FCC extends review for Sinclair Broadcast deal to acquire Tribune Media

Federal regulators have extended their review timeline for Sinclair Broadcast Group Inc.’s proposed $3.9 billion takeover of Tribune Media to allow for more input from the public.

The Federal Communications Commission is giving the public until Nov. 2 to submit additional comments on the deal, which could give Hunt Valley-based Sinclair, the nation’s largest broadcaster, control of 233 television stations that reach 72 percent of U.S. households.

“The commission has a strong interest in ensuring a full and complete record upon which to base its decision in this proceeding,” the FCC said in a public notice.

Approval has appeared likely because the FCC recently relaxed rules for broadcast station ownership, but opponents say the deal will hurt media competition and consumers.

To allow for additional input, the FCC is pausing its 180-day transaction “shot clock,” the period in which regulators aim to complete reviews of complex transactions, and restarting it Nov. 2. That would delay the completion until mid-February.

“We think the announcement speaks for itself, that the FCC is seeking to compile a complete record and is offering commenters two extra weeks to review and comment” on Sinclair’s most recent filing with the FCC, a Sinclair spokesperson said Thursday in an email.

The FCC asked Sinclair in September to show how it plans to comply with ownership limits after it buys Tribune Media, which was formed in 2014 when Tribune Co., then the parent of The Baltimore Sun, split its broadcasting and publishing divisions into separate, independent companies. The broadcast division became Tribune Media, while the publishing division, including The Sun, became Tribune Publishing, renamed tronc Inc. last year.

In its response to the FCC earlier this month, Sinclair declined to offer a list of TV stations it plans to sell or is marketing for sale but said it would need to sell licenses in at least two markets under current national TV station ownership limits. It said it hired TV station broker Moelis & Co. in July to help it identify potential buyers.

The company has received bids for as many as 10 television stations that could fetch up to $1 billion, according to reports Tuesday attributed to people familiar with the matter. Sinclair has declined to comment on those reports.

The U.S. Department of Justice also is reviewing the proposed deal and is expected to complete that by the end of the year. Because the Justice Department could require specific divestitures of TV stations, the company had said it’s premature to finalize divestiture plans before then.

Sinclair has said the scale and efficiencies that will come from the merger will ensure the future of free over-the-air-televison.

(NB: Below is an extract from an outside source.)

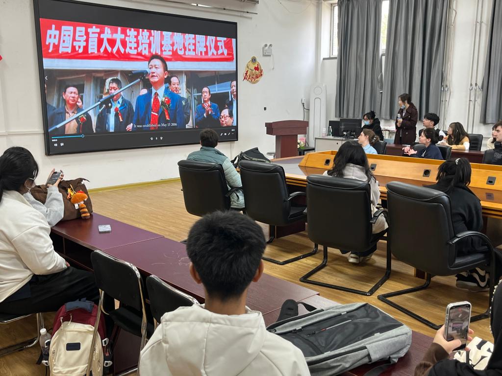 组织新生、俄罗斯短期交流项目学生前往导盲犬培训基地开展实践研学活动。来自泰国、俄罗斯、斯里兰卡、苏丹等国家的50余名医学生们近距离认识导盲犬、学习助残知识、体验无障碍出行。

But the deal has generated opposition from competitors such as Dish Network LLC and the American Cable Association and advocacy groups such as Free Press, Public Knowledge and Common Cause.

“While we are encouraged with the FCC’s decision to finally stop the clock on the merger, it’s unclear why they waited 104 days to ask questions that consumer advocates, conservative groups, and industry competitors have been asking since day one,” said Karl Frisch, executive director of the watchdog group Allied Progress, in a statement. “It’s clear that this merger is not in the public’s interest and the deal fails to meet the FCC’s own rules on a host of issues.”